As already explained in the general overview in chapter 5, the Security Rule consists of a number of broad standards and, in some cases, implementation specifications, which define certain aspects of the general standard in more specific terms. Those specifications are further categorized as required and addressable, while standalone standards (i.e. without additional specifications) are always interpreted as required. The Rule has been significantly revised since the last public draft in that it now refrains from referring to specific technologies, providing instead more widely applicable requirements for 'reasonable' protection. The actual meaning of the keyword 'reasonable' is certainly open for interpretation, with many additional variables factoring in the equation, like size of the organization and its security budget, amount and sensitivity of EPHI that the CE is dealing with, etc. It would certainly be inappropriate to require same level of security protection (and, correspondingly, funding) from a multi-billion dollar corporation, dealing with EPHI of many thousand people, as from a four people physician office which serves fifty individuals. For instance, a Fortune 500 corporation will have hard time convincing jury that an access control policy of not sharing passwords and blocking floppy drives provides 'reasonable' means of protection, while it might suffice for a small office environment. However, the Security Rule makes it clear that for compliance even the smallest entities will have to demonstrate some level of ongoing protection of the electronically stored and transmitted information about its patients .

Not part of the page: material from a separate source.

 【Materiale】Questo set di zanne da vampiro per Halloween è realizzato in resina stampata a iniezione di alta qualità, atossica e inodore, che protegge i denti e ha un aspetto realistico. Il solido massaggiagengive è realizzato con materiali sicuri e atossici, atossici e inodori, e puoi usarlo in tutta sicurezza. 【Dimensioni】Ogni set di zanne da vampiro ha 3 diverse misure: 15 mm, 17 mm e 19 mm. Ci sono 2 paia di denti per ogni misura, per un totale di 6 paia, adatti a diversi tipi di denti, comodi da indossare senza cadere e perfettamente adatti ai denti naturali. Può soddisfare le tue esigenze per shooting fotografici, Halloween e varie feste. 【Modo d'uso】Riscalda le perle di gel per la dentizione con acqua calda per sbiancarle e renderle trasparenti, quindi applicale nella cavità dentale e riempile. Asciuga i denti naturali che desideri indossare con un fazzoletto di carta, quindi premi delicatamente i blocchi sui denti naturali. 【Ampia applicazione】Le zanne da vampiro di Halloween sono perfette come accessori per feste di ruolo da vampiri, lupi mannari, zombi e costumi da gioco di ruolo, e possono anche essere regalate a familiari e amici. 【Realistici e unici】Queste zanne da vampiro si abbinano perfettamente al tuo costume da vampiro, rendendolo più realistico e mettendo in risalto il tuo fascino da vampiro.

Also, it is important to remember that a CE has not only to implement something, but also to be able to justify its choice before an audit or a jury, often consisting of non-technical people. Therefore, in the long run, a large CE will be better off demonstrating more than just 'reasonable' level of protection in order to protect itself from the future claims accusing it of negligence.
Implementation of the required specifications is mandatory, meaning that all CEs must implement some kind of protection of the prescribed type. However, each CE has flexibility in choosing technical means to achieve compliance, and the chosen implementation may vary greatly. For instance, emergency access procedures may vary from establishing and maintaining a 24x7 backup facility with mirrored hardware and autonomic power generators, to daily backups on floppy disks, stored in doctor's drawer at home. In both case, the procedures for accessing data in emergencies has to be clearly documented and the personnel should be trained to obtain and restore the data, should a catastrophic failure occur. Documentation and training are therefore just as important for compliance with regulation as the proper technical implementation.

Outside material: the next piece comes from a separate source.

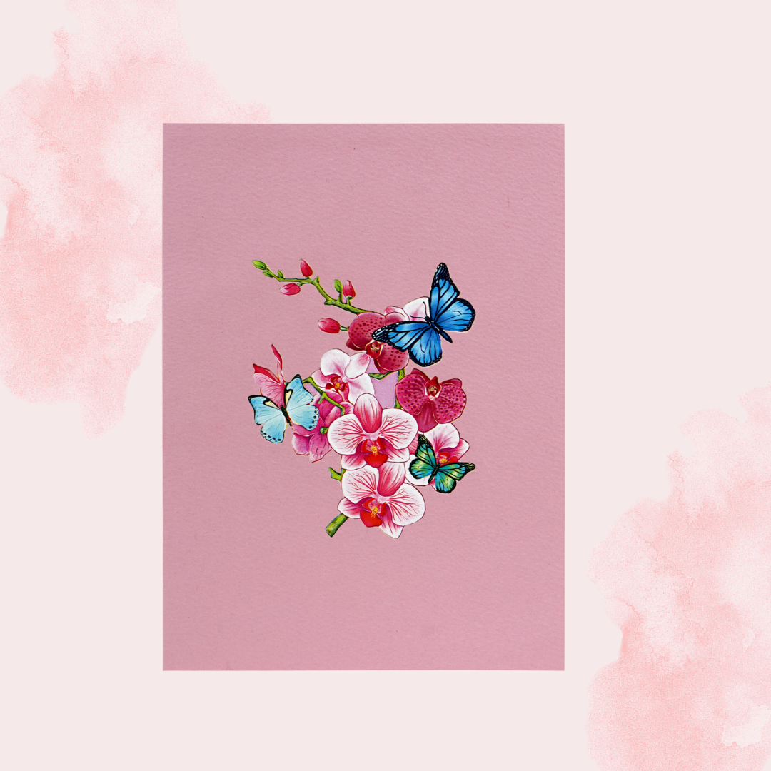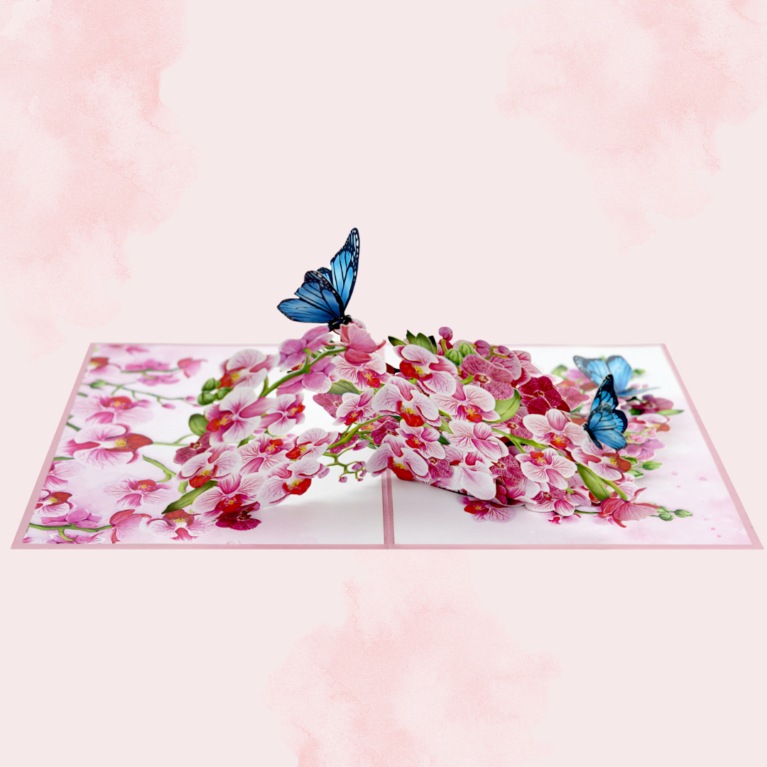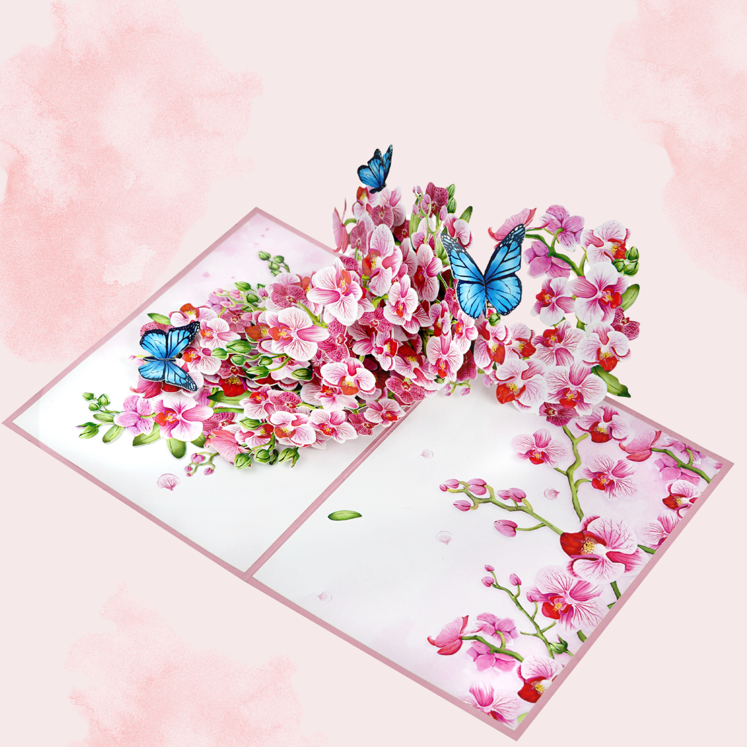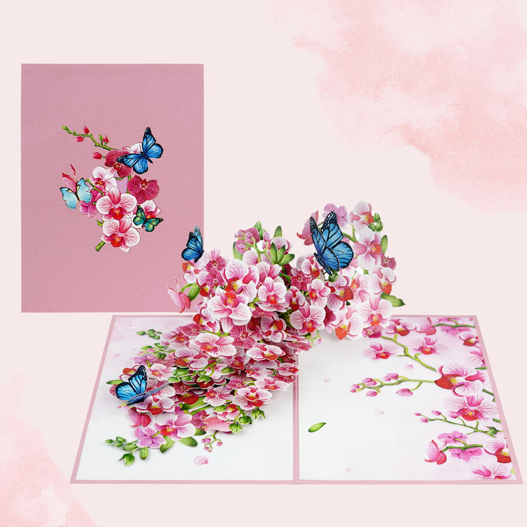 Delight your loved ones with this stunning pop-up card featuring a cascade of pink orchids adorned with vibrant blue butterflies. The intricately designed flowers bloom beautifully when the card is opened, creating an enchanting three-dimensional effect that brings nature to life. Perfect for special occasions such as birthdays, anniversaries, or just to show someone how much you care, this card is a memorable keepsake. The cover features a delicate orchid and butterfly illustration, complementing the intricate surprise inside.

For addressable specifications, Security Rule specifies alternative ways of dealing with them: implementing, implementing with a comparable solution, not implementing or using a completely different approach. When implemented the prescribed approach, or using a comparable solution, the same reasoning as with required standards should be applied. For example, if a CE decided to use SSL to address the transmission security, it will certainly be viewed as an acceptable comparable solution. However, if this SSL implementation has implementation shortcomings that might reveal the transmitted data, and the CE is aware about this fact, but is trying to save few dollars by going with cheaper implementation, it might quite rightfully be accused of negligence should a case be brought up against it.

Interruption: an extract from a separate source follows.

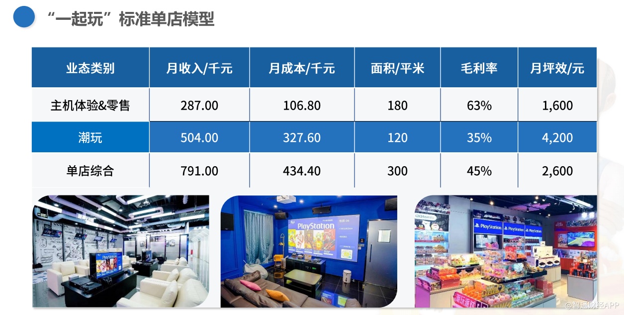 在300平米规格的“一起玩”标准店模型中,主机体验和零售业务月收入达到28万元,毛利率可达到63%,月坪效可达1600元;而在潮玩业务方面,单月收入可达近50万,坪效可以达到4000元以上,毛利水平为35%左右。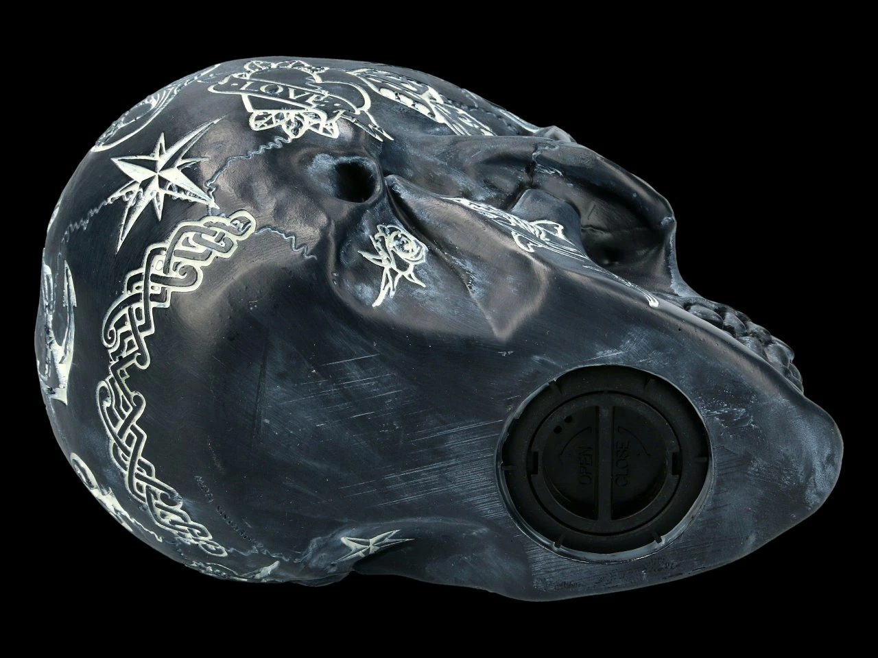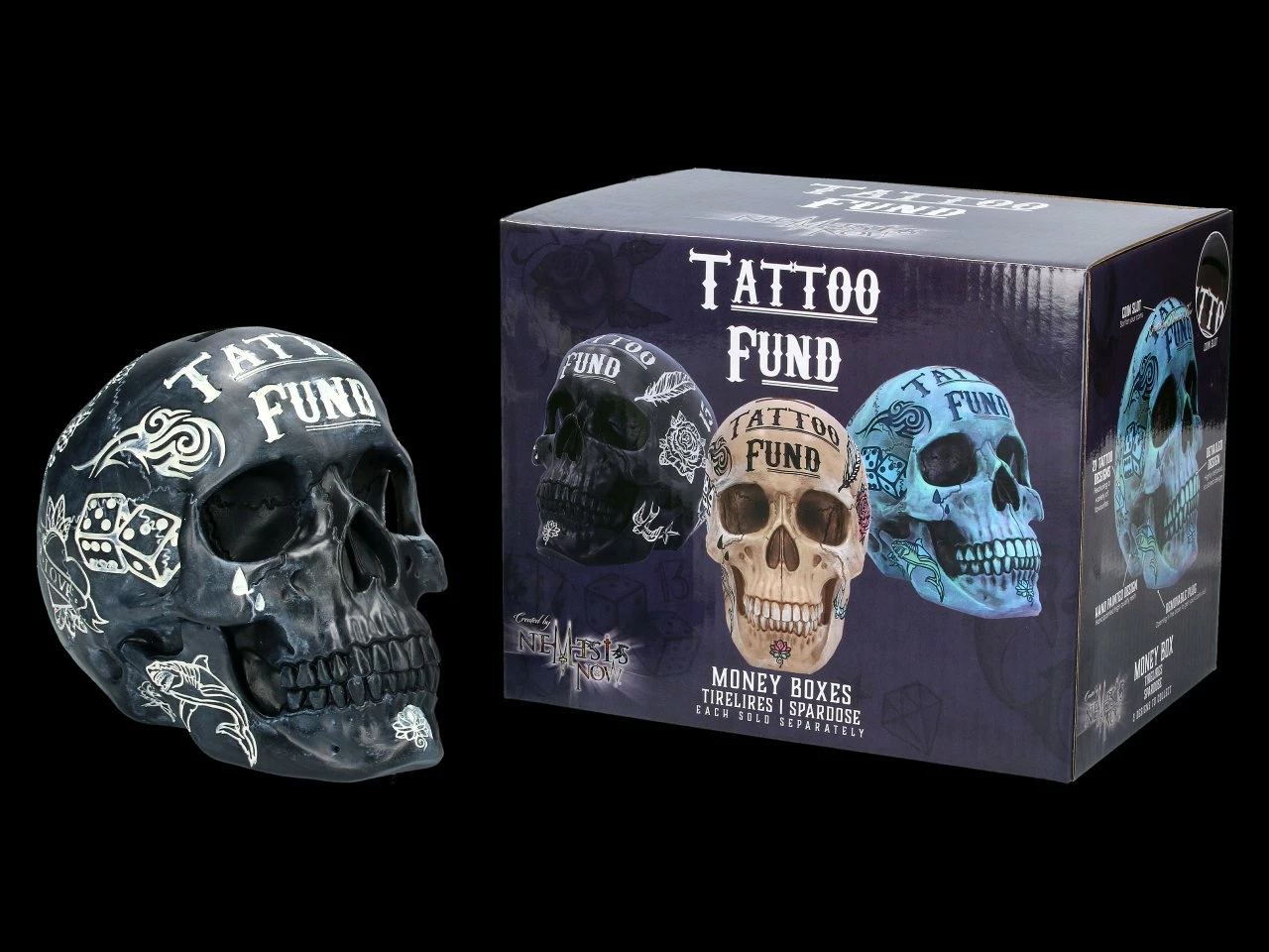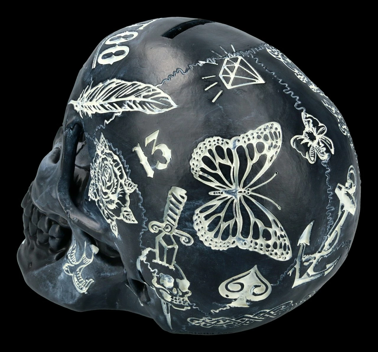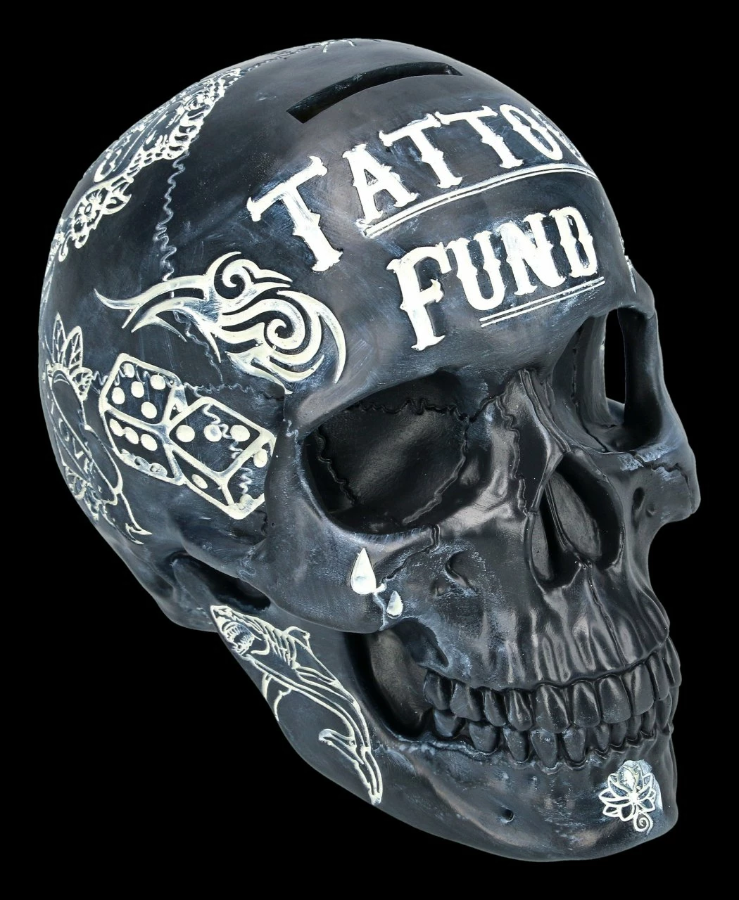 Detailliert aus Kunststein (Polyresin) gefertigt und handbemalt, ist die stylische Spardose mit dem schwarzen Totenkopf perfekt dazu geeignet, auf sein nächstes Tattoo zu sparen. Mit einer Höhe von 15 cm, der Breite von 12 cm und der Tiefe von 19 cm bietet sie genug Platz für alles, was man selber spart oder als Zuschuss sammelt. Die Tattoo Spardose mit dem schwarzen Totenkopf ist auch ein cooles Geschenk und wird inklusive einer bedruckten Geschenkbox verschickt.

However, a CE is not in a position to not implement an addressable specification just because it does not feel like doing it at the moment. It should better have a pretty convincing reason for such a decision. For instance, a doctor might decide that he is not going to use encryption for its e-mail communication involving EPHI, because not all of his addressees possess necessary software. However, his office policy states and he adheres to the policy of always obtaining patient's permission first for such a non-secured transmission to protect himself against a possible lawsuit should this information be intercepted. An alternative approach would be anonymizing the EPHI prior to transmission and sharing identifying information out-of- band or in a secure manner.